● REQUIRED ACTION: Please print the listing that follows word for word, but skip any pictures it holds.

● DATASET:
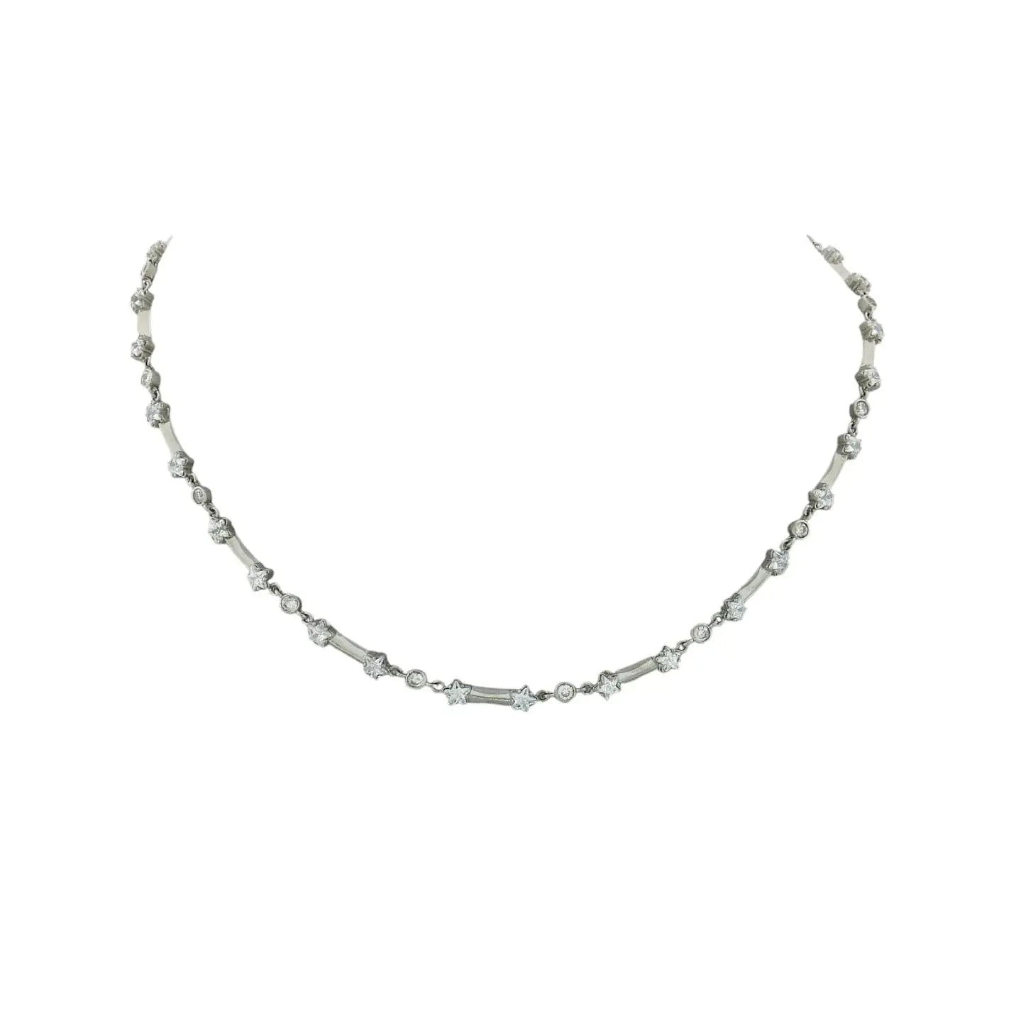Deze verfijnde Ster collier is vervaardigd uit hoogwaardig 925 sterling zilver en schitterend bezet met stervormig geslepen en briljant geslepen zirkonia stenen. De combinatie van beide slijpvormen zorgt voor een unieke schittering die direct opvalt, terwijl het elegante ontwerp moeiteloos aansluit bij zowel dagelijkse outfits als feestelijke gelegenheden. De fijne breedte van 4,5 mm geeft het collier een stijlvolle balans tussen subtiel en opvallend, waardoor het perfect rond de hals valt.
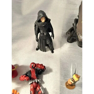 Vintage Collectable Action Figure Lot Of 10 featuring WWF, Ren and Stimpy, Star Wars, and Alien characters. This unique collection includes iconic figures from various franchises, adding a nostalgic touch to any collector's display. Perfect for fans of action figures and classic movies, this lot offers a diverse range of characters to enhance your collection.
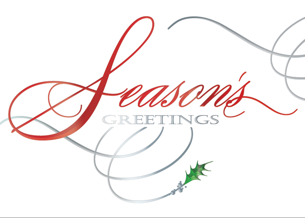 Season's Greetings-2 pass, 3 color-red/silver/lime green on white
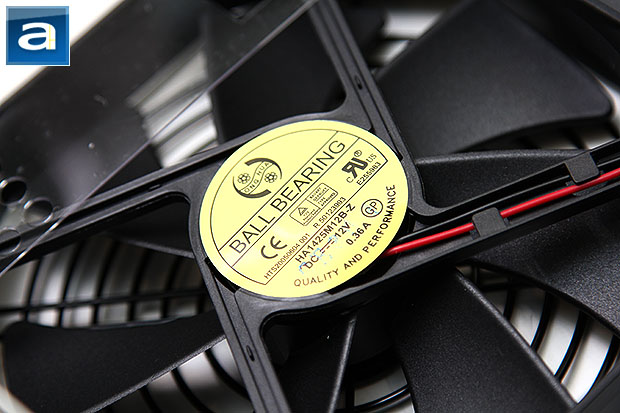 Lastly, we can see a large 140mm fan that provides cooling to the PC Power & Cooling Silencer Mk III 1200W's internal components. It is connected to the PSU via a 2-pin connector. This is the largest fan you can fit in a standard ATX power supply. With an overhead design, it can provide lots of airflow at lower speeds for quiet operation in most cases. Hong Hua is the fan OEM, with model number designated as HA1425M12B-Z. Further research indicates the HA1425M12B-Z is a ball bearing fan specified at 0.36A with a maximum of speed of 2000 rpm. I don't know anything else about the fan, since I got this information from people who has seen this fan in the past in other power supplies, haha. Even good old Google does not turn out any datasheets -- not even the manufacturer's website.
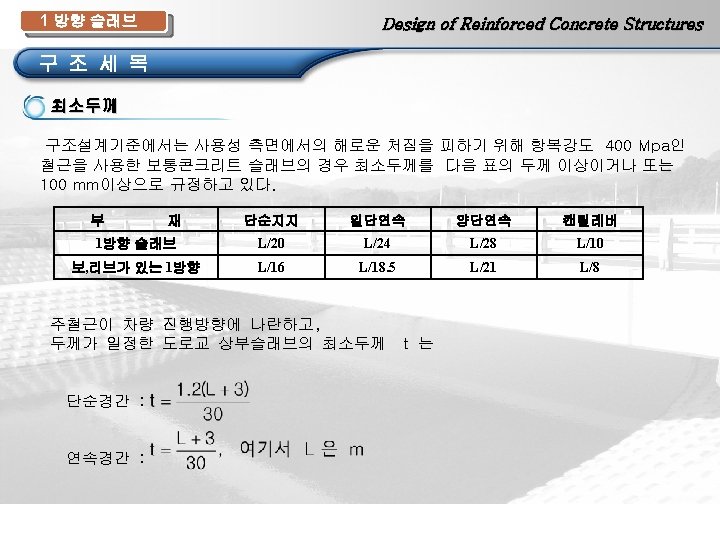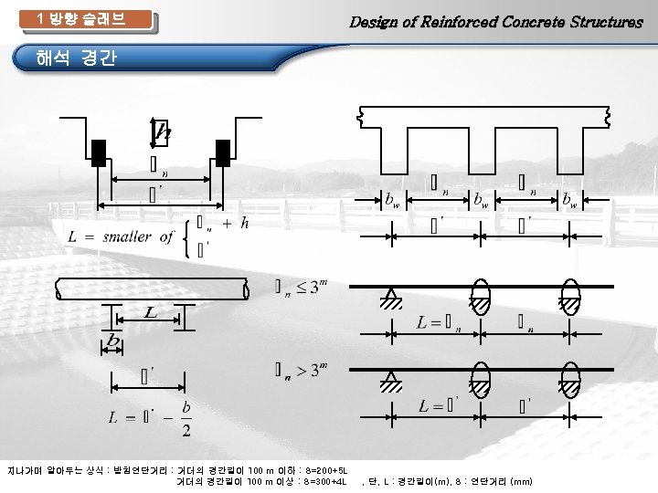 1 방향 슬래브 Design of Reinforced Concrete Structures 설 계 t b=100 cm Typical imaginary strip 1 m wide L b=100 cm t L
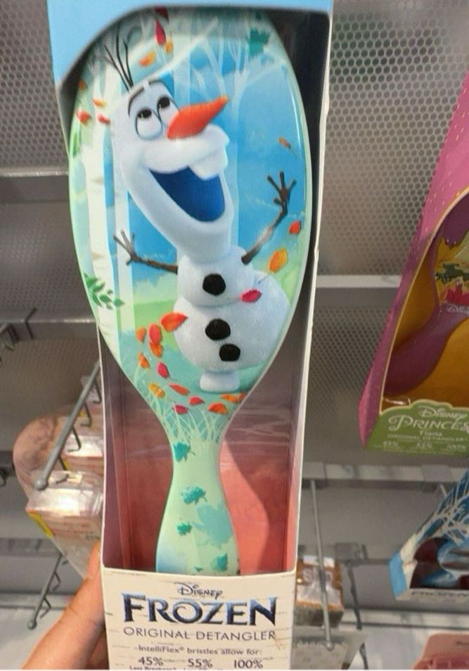 A colorful detangling brush featuring Olaf from Disney’s Frozen, designed to gently detangle hair.
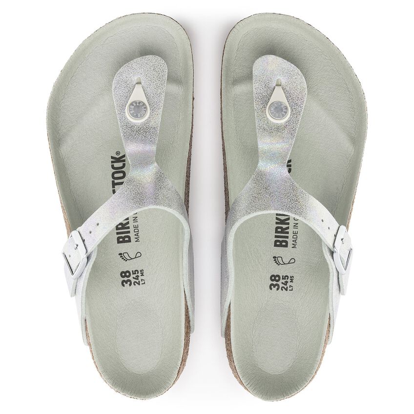 BIRKENSTOCK Gizehはミニマリストなデザインと安心のホールド感が自慢の定番です。このバージョンは、シルキーなレインボーカラーで輝きます。カラーコーディネートされたディテールや繊維の触感が嬉しいマット仕上げのバックルがアピアランスをきれいにまとめています。アッパーには肌に優しマイクロファイバーを使用しています。

● WRITTEN SOLUTION:
Deze verfijnde Ster collier is vervaardigd uit hoogwaardig 925 sterling zilver en schitterend bezet met stervormig geslepen en briljant geslepen zirkonia stenen. De combinatie van beide slijpvormen zorgt voor een unieke schittering die direct opvalt, terwijl het elegante ontwerp moeiteloos aansluit bij zowel dagelijkse outfits als feestelijke gelegenheden. De fijne breedte van 4,5 mm geeft het collier een stijlvolle balans tussen subtiel en opvallend, waardoor het perfect rond de hals valt.
 Vintage Collectable Action Figure Lot Of 10 featuring WWF, Ren and Stimpy, Star Wars, and Alien characters. This unique collection includes iconic figures from various franchises, adding a nostalgic touch to any collector's display. Perfect for fans of action figures and classic movies, this lot offers a diverse range of characters to enhance your collection.
 Season's Greetings-2 pass, 3 color-red/silver/lime green on white
 Lastly, we can see a large 140mm fan that provides cooling to the PC Power & Cooling Silencer Mk III 1200W's internal components. It is connected to the PSU via a 2-pin connector. This is the largest fan you can fit in a standard ATX power supply. With an overhead design, it can provide lots of airflow at lower speeds for quiet operation in most cases. Hong Hua is the fan OEM, with model number designated as HA1425M12B-Z. Further research indicates the HA1425M12B-Z is a ball bearing fan specified at 0.36A with a maximum of speed of 2000 rpm. I don't know anything else about the fan, since I got this information from people who has seen this fan in the past in other power supplies, haha. Even good old Google does not turn out any datasheets -- not even the manufacturer's website.
 1 방향 슬래브 Design of Reinforced Concrete Structures 설 계 t b=100 cm Typical imaginary strip 1 m wide L b=100 cm t L
 A colorful detangling brush featuring Olaf from Disney’s Frozen, designed to gently detangle hair.
 BIRKENSTOCK Gizehはミニマリストなデザインと安心のホールド感が自慢の定番です。このバージョンは、シルキーなレインボーカラーで輝きます。カラーコーディネートされたディテールや繊維の触感が嬉しいマット仕上げのバックルがアピアランスをきれいにまとめています。アッパーには肌に優しマイクロファイバーを使用しています。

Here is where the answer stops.